Sans que rien ne les y prépare, les détenteurs de capitaux familiaux peuvent, du jour au lendemain, se convertir des métiers de restaurateurs ou de simples boutiquiers en ceux, autrement plus complexes, de marchands de téléphones mobiles agents immobiliers, éleveurs de poulets industriels, concessionnaires automobiles ou toutes autres activités susceptibles de générer des gains rapides et substantiels. Cette transhumance d’une activité à l’autre est d’autant plus aisée que la législation algérienne sur l’investissement ne fait pas obligation aux promoteurs de mettre en évidence l’origine de leurs capitaux. Leurs traçabilités est d’autant plus difficile à établir qu’en Algérie les paiements s’effectuent généralement en argent liquide et, le plus souvent, en dehors des circuits bancaires. Même si elle n’est pas le lot de tous les acteurs du secteur privé, cette manière d’entreprendre dans l’opacité et à la limite de l’illégalité, forgera une piteuse image du secteur privé algérien, qu’une importante frange de la société considère aujourd’hui encore comme un repaire d’escrocs agissant bien souvent en familles ; On est ainsi bien loin de l’image autrement plus valorisante de créateurs de richesses et d’acteurs dont, fort heureusement, bon nombre d’entrepreneurs  algériens peuvent se prévaloir.

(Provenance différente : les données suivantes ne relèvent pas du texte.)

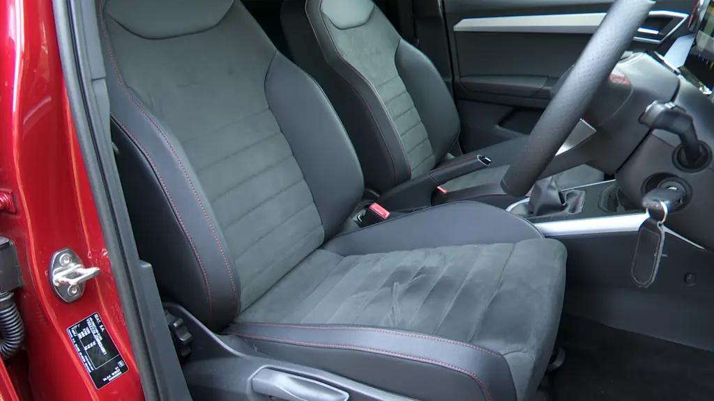 Not too much has been done visually as part of this second refresh but even so, the Arona still looks remarkably up to date, especially for a design that's been on sale since back in 2017. As part of this second facelift, SEAT has given the car a revised front end that incorporates a new hexagonal grille design, smarter full-LED headlights and a redesigned bumper. The rear bumper's been freshened too - as have the alloy wheel designs. As before, the three-dimensional look is quite pronounced, without being too aggressive. Like its rivals, this car is trying to give the feel of being a sturdy car for everyday life for the urban jungle. In terms of its dimensions, the Arona is 4,138mm long, which is 79mm more than an Ibiza. However, the real difference lies in its height, as the Arona is 99mm taller. As a result, this SUV offers not only higher ground clearance for any off-road adventures, but also more front and rear headroom, and, above all, a larger boot, with a 400-litre capacity. Another important feature is the seat cushion, which is 52mm higher and gives a dual advantage. Firstly, a higher driving position for raised view of the road ahead. And secondly, it makes it much easier to get in and out of the car. The passenger seats are also 62mm higher than they would be in an Ibiza, while headroom is 37mm greater in the front and 33mm in the rear. The suspension height has been increased by 15mm and the windscreen is slightly more vertical for a roomier interior. As for the interior update changes, well they're as light as those outside. The seats have been redesigned and the central screen has a new operating system. There's nicer finishing for the upholstery, the headliner and the air vents; that's about it. Still, if in these days of de-cluttered interiors, you yearn for a return to cabins with plenty of tactile physical buttons, this cabin will suit you just fine. And it's very well put together. Through the leather-stitched wheel, you view an 8-inch digital instrument cluster that's customisable with upper specs. And an 8-inch centre screen, which can be upgraded to 9.2-inches if you spend more. Both monitors get SEAT's usual 'Full Link' connectivity system. Sporty 'FR' trim gets well-padded and supportive bucket seats.
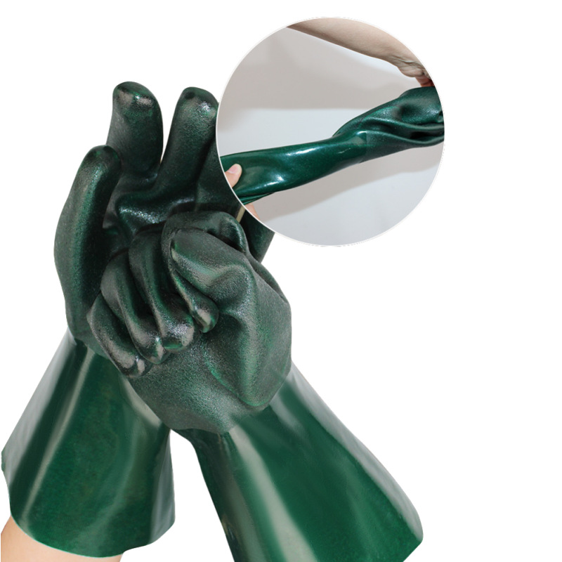 High Quality Long Cuff Oil and Chemical Resistant PVC Gloves Anti Slip Dark Green PVC Dipped Flannel Lining Hand Work Gloves

Cette image détestable du privé est malheureusement corroborée par le fait que nombreux entrepreneurs privés agissant seuls ou en familles, aient abandonné les activités de production qui les valorisaient dès que l’opportunité d’importer s’est offerte à eux. Mais là ou le privé algérien a terni sans doute le plus son image de marque, c’est lorsqu’il a commencé à s’adonner au marché informel de la devise. Qu’il soit offreur ou demandeur de devises, le privé est depuis perçu comme un trafiquant auquel on n’hésite pas à attribuer tous les déboires de notre économie en devenant, entre autres, le bouc émissaire de la dépréciation du dinar. Ce flou sciemment entretenu entre ce qui est légal et ce qui ne l’est pas, donne aux opérateurs privés le sentiment d’agir en toute légalité jusqu’au jour où, pour une raison ou autre, il leur est reproché d’avoir enfreint, selon les cas, à la législation des changes, au code des douanes, aux règles prudentielles de la Banque d’Algérie et autres infractions qui peuvent leur valoir de lourdes peines.

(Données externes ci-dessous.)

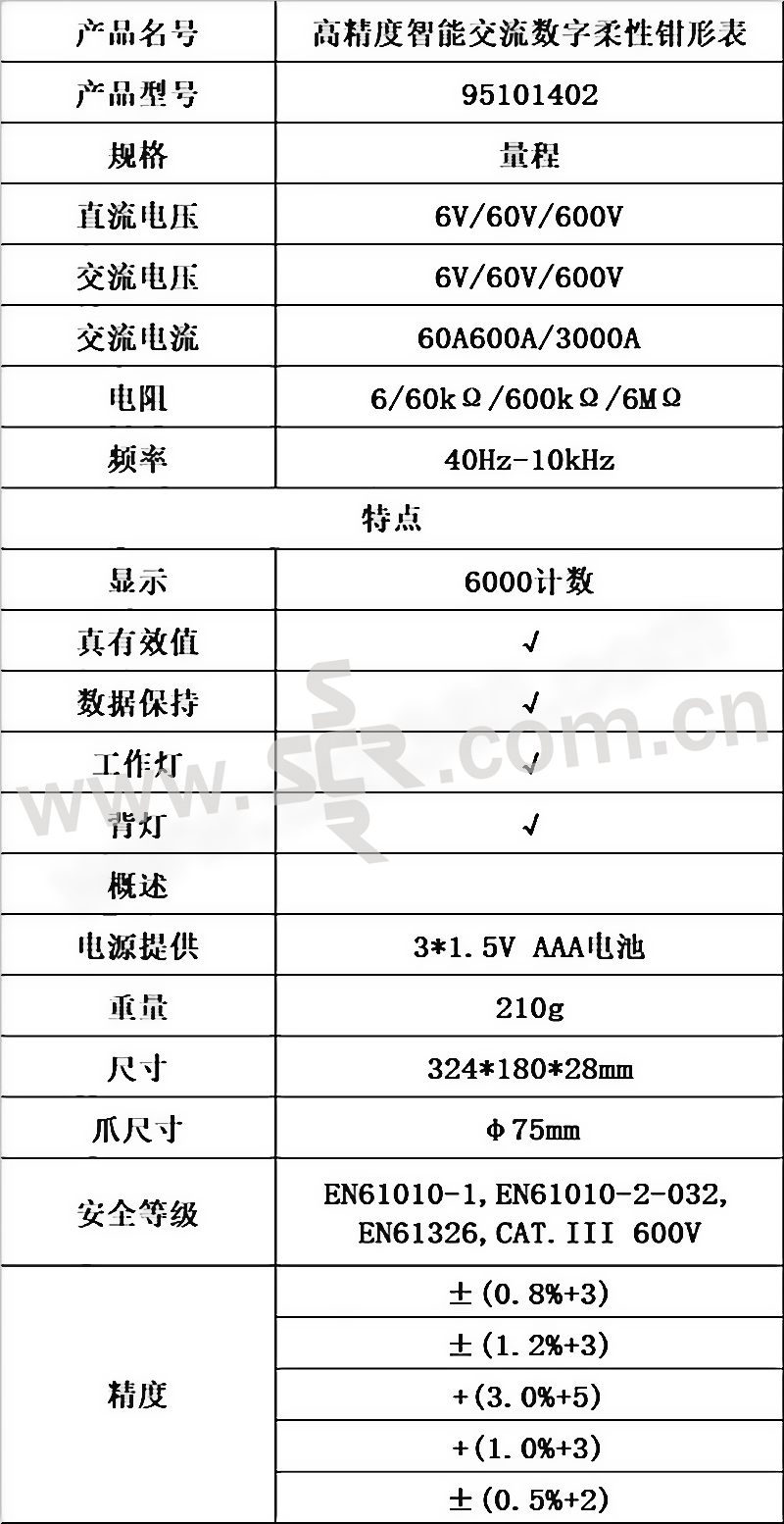 高精度智能交流数字柔性钳形表 95101402 直流电压量程6V/60V/600V 交流电压量程6V/60V/600V 1个
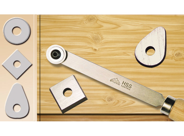 Mit 3 verschiedenen Formplatten.Spezialwerkzeug zur Feinbearbeitung von innenliegenden Flächen und Rundungen, z.B. bei Dosen oder Schalen, sowie zum Hinterschneiden von Drechselarbeiten.
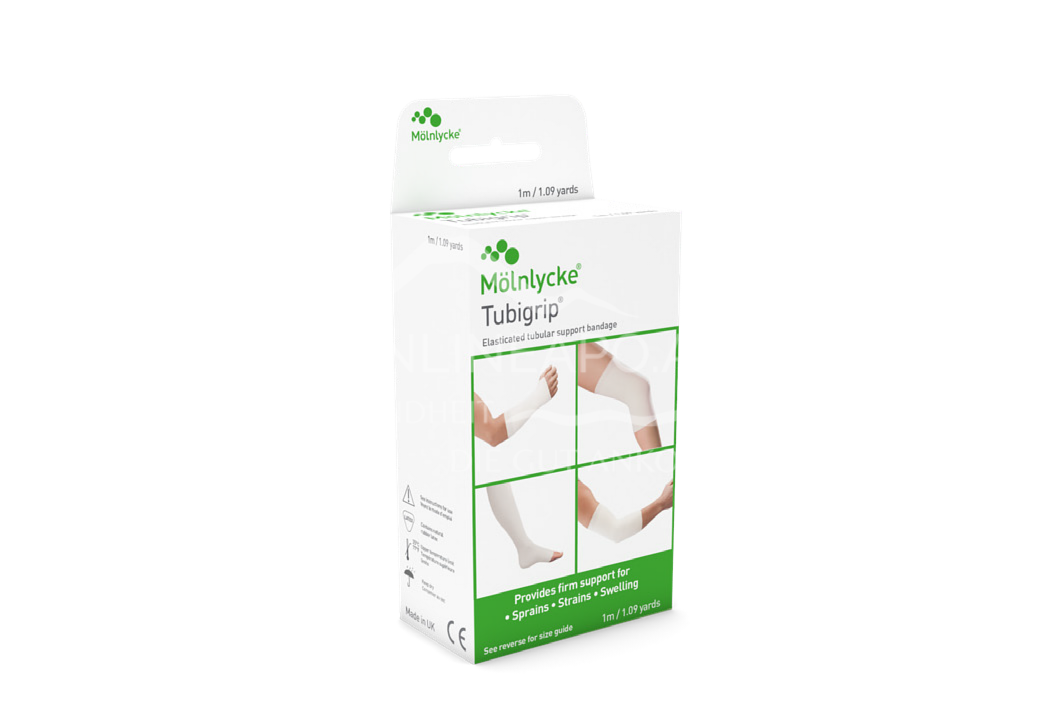 Tubigrip provides firm support for sprains, strains and swelling. The product provides even and consistent compression (5-30 mmHg sub-bandage pressure under a double layer). Tubigrip provides more even pressure levels over a wide range of limb circumferences compared to latex-free elasticated tubular bandages*.
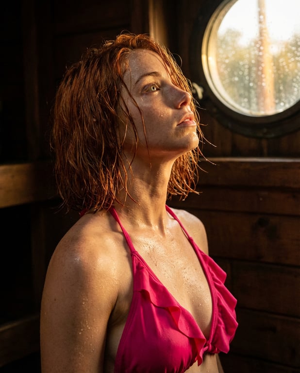 A JSON prompt for Nano Banana 2 to generate a dramatic cinematic portrait of a young woman with short wet red hair, wearing a pink ruffled swimsuit, looking up toward golden sunlight streaming through a porthole window inside a wooden cabin, emphasizing moisture and atmosphere.
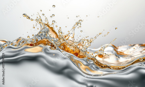 stunning splash of liquid gold and silver creates mesmerizing visual effect, showcasing beauty of fluid dynamics and color contrast
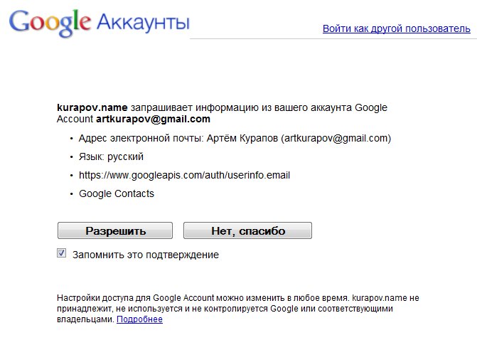 - Основная часть - если ключа доступа нет - запрашиваем ключ запроса с указанными двумя услугами (scope). Первый даст доступ к контактам а второй - к почте. Если же клиент уже подтвердил запрос и ключ доступа мы имеем (или получили из сессии/БД), то делаем два http-запроса.
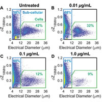 近期,美國(guó)弗吉尼亞大學(xué)的科研人員利用阻抗流式細(xì)胞儀Ampha Z32測(cè)定分析了經(jīng)吉西他濱處理的胰腺腫瘤培養(yǎng)基上清液中ABs,所得測(cè)量結(jié)果與常規(guī)方法提取出的凋亡細(xì)胞所表現(xiàn)出表型特征一致。
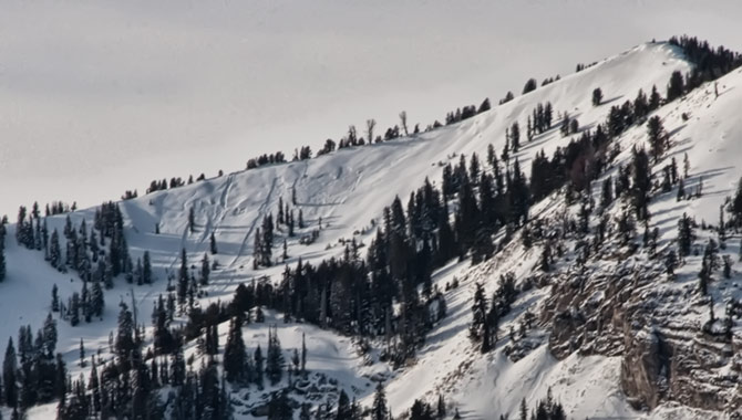 A zoomed view of the slides in Silver Fork, west bowl. The most north facing, sheltered and shady, has released several small slides on, what appears to be, faceted snow layering.

Les procès retentissants qui leur sont parfois intentés les livrent alors à l’opinion publique comme de potentiels délinquants. Servis comme des exemples à méditer, ces procès ont pour objectif de faire prendre consciences aux entrepreneurs, mis en situation de sursis permanent, de leur extrême fragilité vis-à-vis du pouvoir politique qui peut du jour au lendemain les réduire à néant en actionnant les tribunaux. Au gré des enjeux politiques du moment, il peut en effet laisser faire ou « frapper fort », en mettant en branle ses instances de contrôle et de répression, susceptibles de transformer du jour au lendemain un entrepreneur respectable et sa famille, en d’infréquentables parias.